On the other hand, there is conflict between the wife and the other woman. For instance, in the Cilappadikaram, Kovalam's wife insists that the courtesan who bears the child does not become his wife. The tension is always there between the wife and the courtesan. You cannot reduce the courtesan to the present-day concept of the ‘whore’, or ‘sex worker’ for that matter. And this was accepted by society. In the Radha-Krishna relationship, Radha is the ‘still centre’, ‘still centre’ of the turning world. In the Gita Govinda also, Radha is the ‘still centre’ and Krishna is the revolving universe.
K.D.: In our day to day life we see/celebrate, the Radha-Krishna association, for instance in calendar backdrops, in temples, etc. Do you think this a radical moment in history?

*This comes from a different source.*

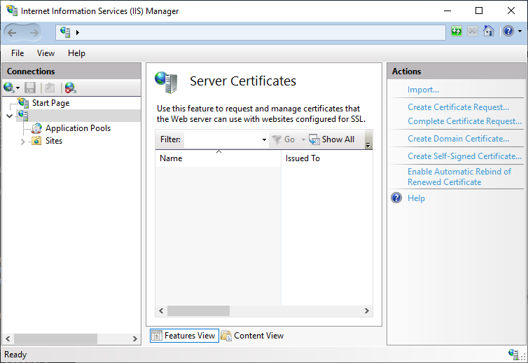 3. In the Home pane, double-click Server Certificates.

H.S.S.: At least as regards the average Indian middle-class mind, I feel they are not looking at the essence of Radha but at Radha’s peripheral meanings. Krishna can play with so many gopis, Radha is not entertaining other gopas. As contrasted with non-mainstream tribal cultures, where woman’s polyandry is accepted. In the Bhil Mahabharata at one point Arjuna becomes arrogant, therefore Draupadi wants to teach him a lesson. She knows that Deva Indra been desiring her, she calls Indra and tells Arjuna to settle it over a duel, since Arjuna has been haughty with her. She says, 'If you beat him I will sleep with you, if you don’t I will sleep with him.' After the duel she asks Indra to tie Arjuna to the leg of a cot and tells Indra to make love to her. After this happens, Arjuna, instead of getting angry, realizes her greatness and worships her as Adi-shakti. These are the vestiges of matriarchal culture. As some feminist historian says, ‘Originally there was matriarchal culture, and it reached such a point of tyranny and thus patriarchal revolution was inevitable. Now patriarchal culture is reaching its threshold’. But I don’t believe in feminism or masculinism, I believe in the Ardhnarishvaran―androgyny.
K.D.: In the Ardhanarishvara principle, do you see Radha-Krishna as one?

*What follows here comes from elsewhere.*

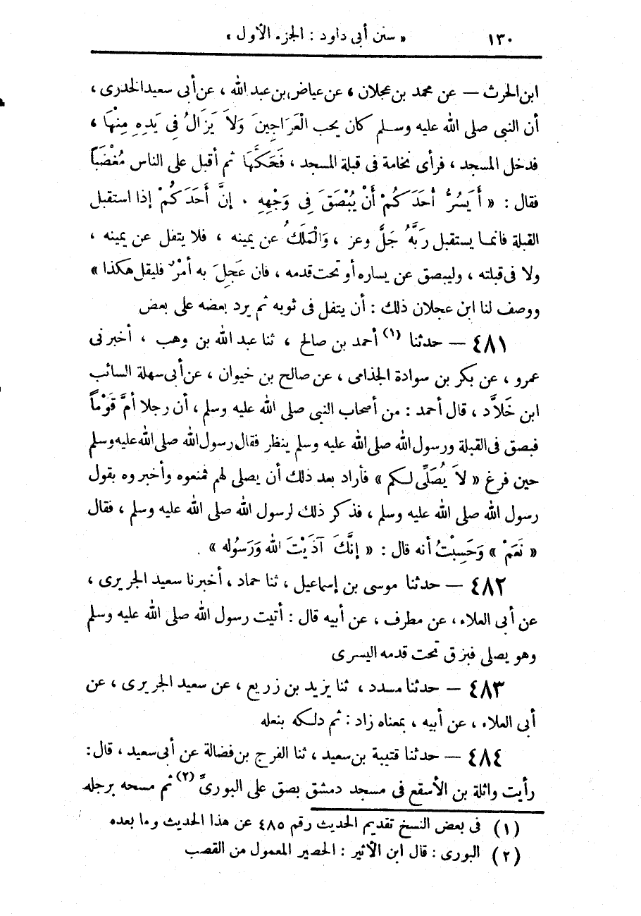 482 - حَدَّثَنَا مُوسَى بْنُ إِسْمَاعِيلَ، حَدَّثَنَا حَمَّادٌ، أَخْبَرَنَا سَعِيدٌ الْجُرَيْرِيُّ، عَنْ أَبِي الْعَلَاءِ، عَنْ مُطَرِّفٍ، عَنْ أَبِيهِ، قَالَ: «أَتَيْتُ رَسُولَ اللَّهِ صَلَّى اللهُ عَلَيْهِ وَسَلَّمَ وَهُوَ §يُصَلِّي فَبَزَقَ تَحْتَ قَدَمِهِ الْيُسْرَى»،

H.S.S.: At the philosophical level, Radha and Krishna are manifestations of Shiva and Shakti. Shiva and Shakti are not just deities but the male and the female―the balance, the reconciliation, the complementarity between the two makes for creation. Greek mythology says once all human beings were androgynous. Zeus got jealous and then he cut them into two. Even in the Bible, before the Sin episode happens, Adam and Eve were very happy. So to go back to that or recover that non-conceptual moment of complementarity, I think that’s important.